Vaswani A, Shazeer N, Parmar N, Uszkoreit J, Jones L, Gomez AN, Kaiser L, Polosukhin I. Attention is all you need. arXiv preprint arXiv:1706.03762. 2017 Jun 12.
Size and Pretraining Costs
Model | Parameters | Train Steps | Tokens per step | Normalized computation cost (Parameters x steps x tokens per step) |
---|---|---|---|---|
Transformer base | $65 \times 10^6$ | 100K | 50000 | $3.25 \times 10^{17}$ |
Transformer big | $213 \times 10^6$ | 300K | 50000 | $3.195 \times 10^{18}$ |
Architecture Details
Tokenization
For English-German Task: Byte pair encoding, vocab size 37000.
For English-French Task: Wordpiece (Wu et al 2016), vocab size 32000.

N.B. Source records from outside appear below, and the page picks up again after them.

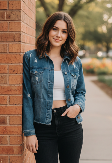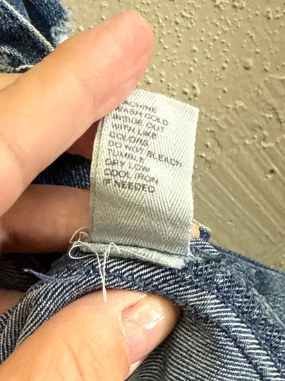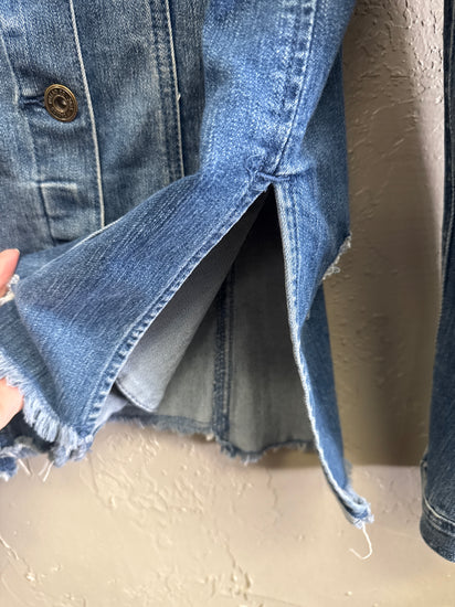 Description : New without tags, medium-wash denim jacket with a button-front closure, pointed collar, flap chest pockets and vertical seam detailing; features distressed patches and a frayed hem with side welt pockets and long sleeves
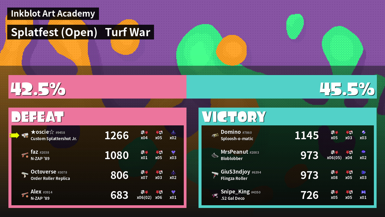 | Medals | #1 Turf Inker #1 Enemy-Base Inker #1 Ground Traveler | ||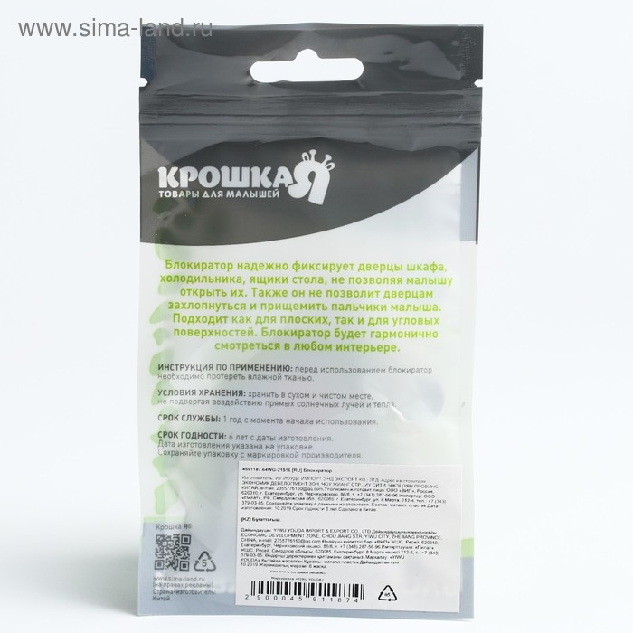 Набор блокираторов для дверей и ящиков, универсальные, 17 см, 2 шт., цвет белый/прозр, Крошка Я

Embeddings for multi-segment tasks
N/A - Multi-segment tasks are not considered in this paper.
Positional Encoding
Sinusoidal encodings.
$ PE_{pos, 2i} = sin \big{(} \frac{pos}{10000^{\frac{2i}{d}}} \big{)}$
$ PE_{pos, 2i + 1} = cos \big{(} \frac{pos}{10000^{\frac{2i}{d}}} \big{)} $
Attention Mechanism
Multi-head scaled dot-product attention.
Training Details
Pre-training Data
N/A - This method does not do pre-training.
Pre-training Method
N/A - This method does not do pre-training.
Finetuning Data
- WMT 2014 English-German Dataset; 4.5 million sentence pairs
- WMT 2014 English-French Dataset; 36 million sentences
Finetuning Method
Each training batch contains 25000 source tokens, 25000 target tokens.
Adam optimizer
Warmup schedule, warmup for 4000 steps.
Dropout to each sub-layer, 0.1 prob for ‘base’, 0.3 prob for ‘big’.
Evaluation
Evaluation Datasets
WMT 2014 English-German and English-French.
Evaluation Results
BLEU scores:
- WMT 2014 English-German: 28.4
- WMT 2014 English-French: 41.0
Time taken: “3.5 days on 8 P100 GPUs”.
Author’s Conclusions
- Transformer can be trained faster than architectures based on recurrent or convolutional layers
- Wish to investigated restricted attention mechanisms to efficiently handle large inputs and outputs (eg for images, audio, video).
- Also wish to make generation of text less sequential